Zampi began his career as an actor in Italy at the age of 17. By 1930, he was working for Warner Bros. as a film editor in London. In 1937, he and compatriot Filippo Del Giudice founded Two Cities Films.

While the company was noted for such serious films as In Which We Serve, Henry V, and Hamlet, Zampi is most remembered for comedies. He made his mark with such films as Laughter in Paradise (1951), The Naked Truth (1957), and Too Many Crooks (1959), often in the dual role of director and producer.
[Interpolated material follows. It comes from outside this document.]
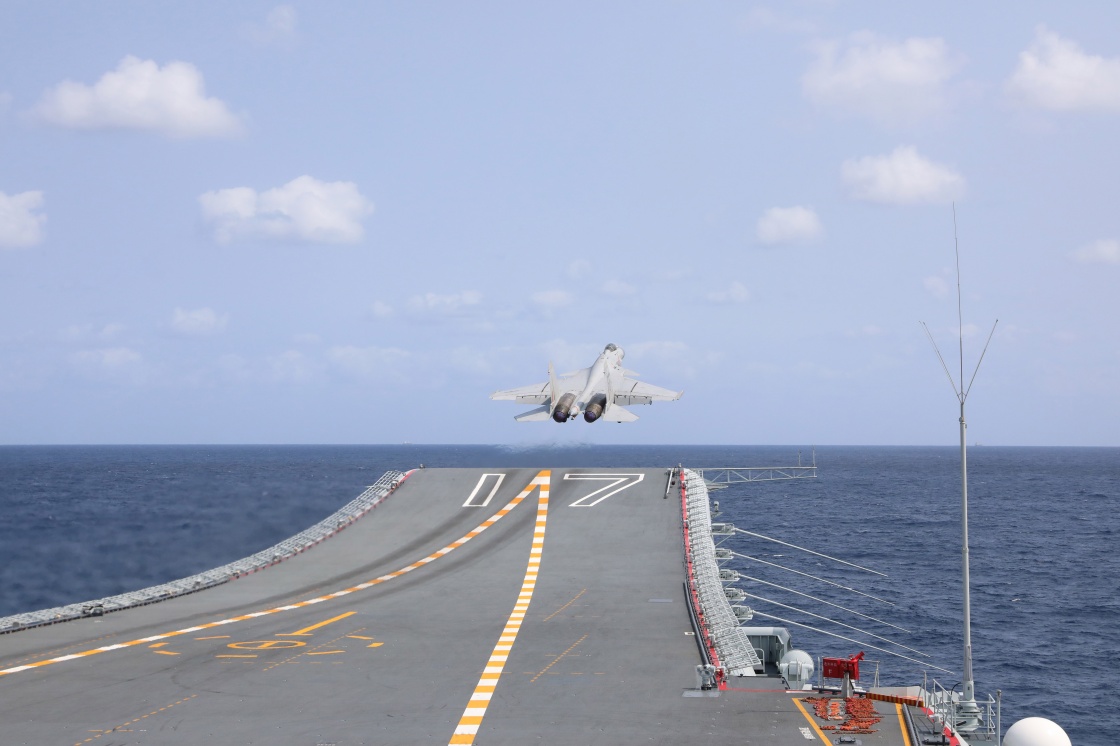 这是歼-15舰载机从海军山东舰起飞升空(4月9日摄)。新华社发(安妮 摄)

He made Naked Truth and Too Many Crooks at Rank.

Zampi and Del Giudice had a long feud which had its origins in both men being interned during World War II. Zampi became wealthy, while Del Giudice was broke; in 1958, Del Giudice was living in a tiny room in London but neither would say what caused the feud.

==Filmography==
Director and producer unless otherwise indicated.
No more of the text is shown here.